Further analysis revealed that only PEA was significantly associated with a reduction in RC time.

“This suggests that improvement of RC time might be highly correlated with treatment method in CTEPH patients,” the researchers wrote.

The study also demonstrated that a higher proportion of participants in the PEA group were symptom-free three months after the procedure than those treated with BPA (50% vs. 21.1%). Also, more patients who underwent BPA remained with residual symptoms.
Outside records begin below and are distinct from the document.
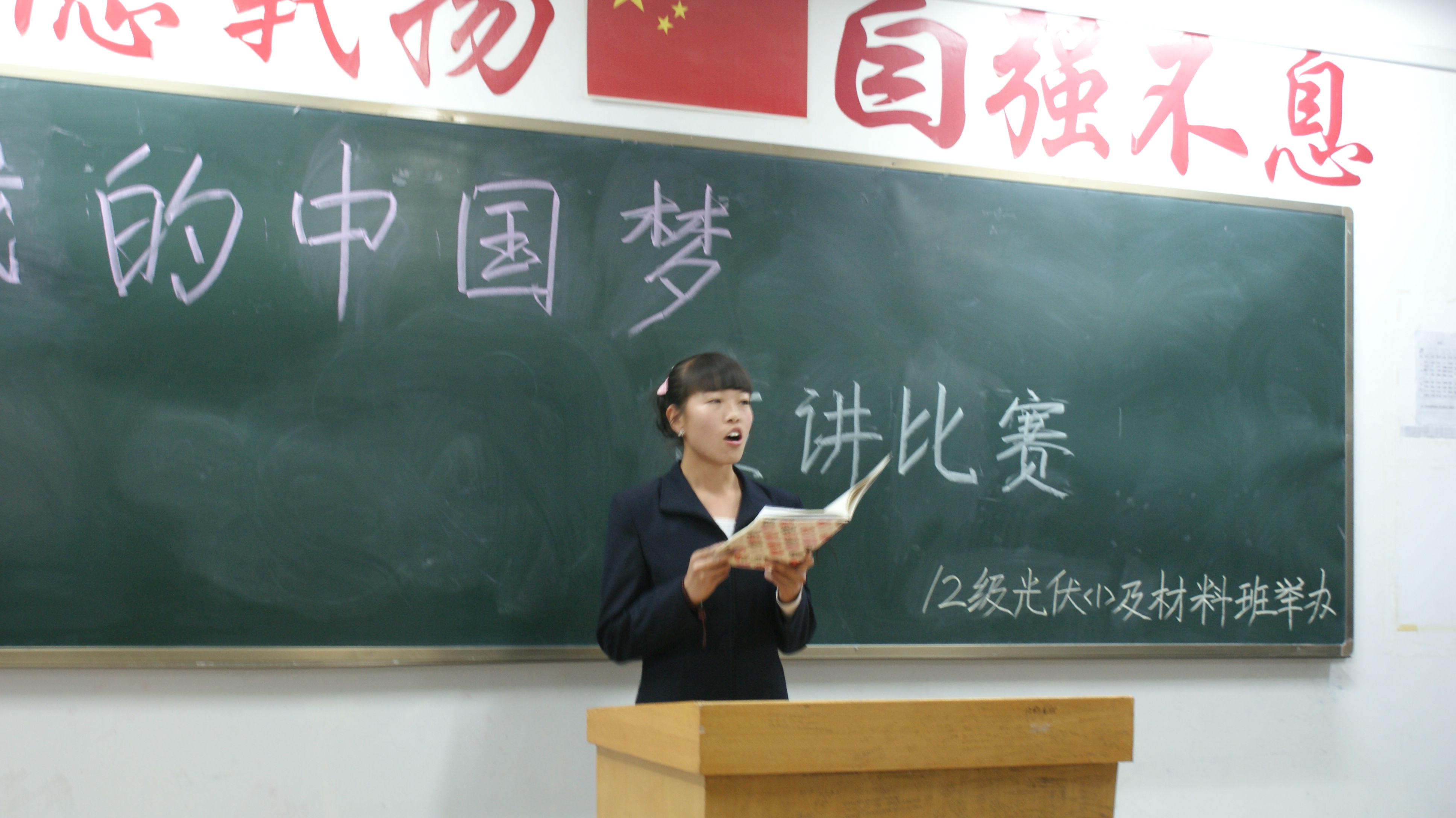 為積極引導(dǎo)同學(xué)們實現(xiàn)國家富強,民族復(fù)興,人民幸福的偉大中國夢而發(fā)奮工作學(xué)習(xí),能源工程系光伏發(fā)電技術(shù)及應(yīng)用一班及材料班在2013年4月10日在二號教學(xué)樓503教室舉辦了以《我的中國夢》為主題的演講比賽。
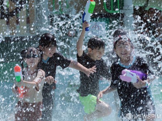 [서울=뉴스핌] 이길동 기자 =연일 37도가 넘는 폭염이 계속되는 가운데 9일 서울 종로구 도심 물놀이장에서 어린이들이 물놀이를 하며 더위를 식히고 있다. 2025.07.09 gdlee@newspim.com |
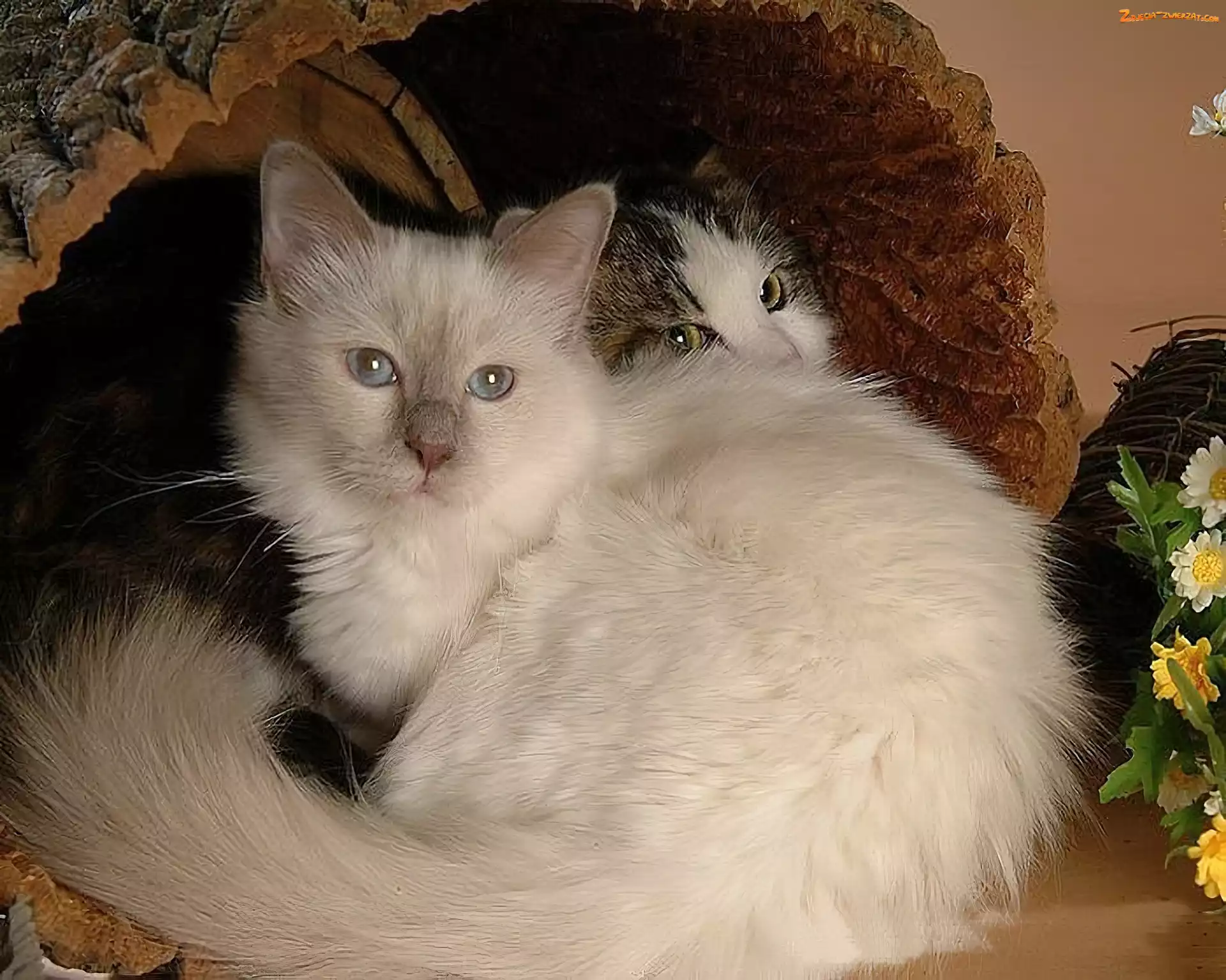 Zdjęcie: Dwa, Koty, Angory, Tureckie

“The technical approach of removing [intravascular] organized thrombi [blood clots] and thickened intima [an inner layer of blood vessels] by PEA could have a more profound impact on the pulmonary circulation and cardiac function improvements compared with BPA,” the scientists concluded.

Finally, only patients who underwent BPA experienced a significant increase in exercise ability, determined by the distance walked in the six-minute walking test (361 vs. 310 meters). Both groups experienced an improvement in their New York Heart Association functional classification, which categorizes heart failure based on the severity of symptoms and the ability to perform physical activity.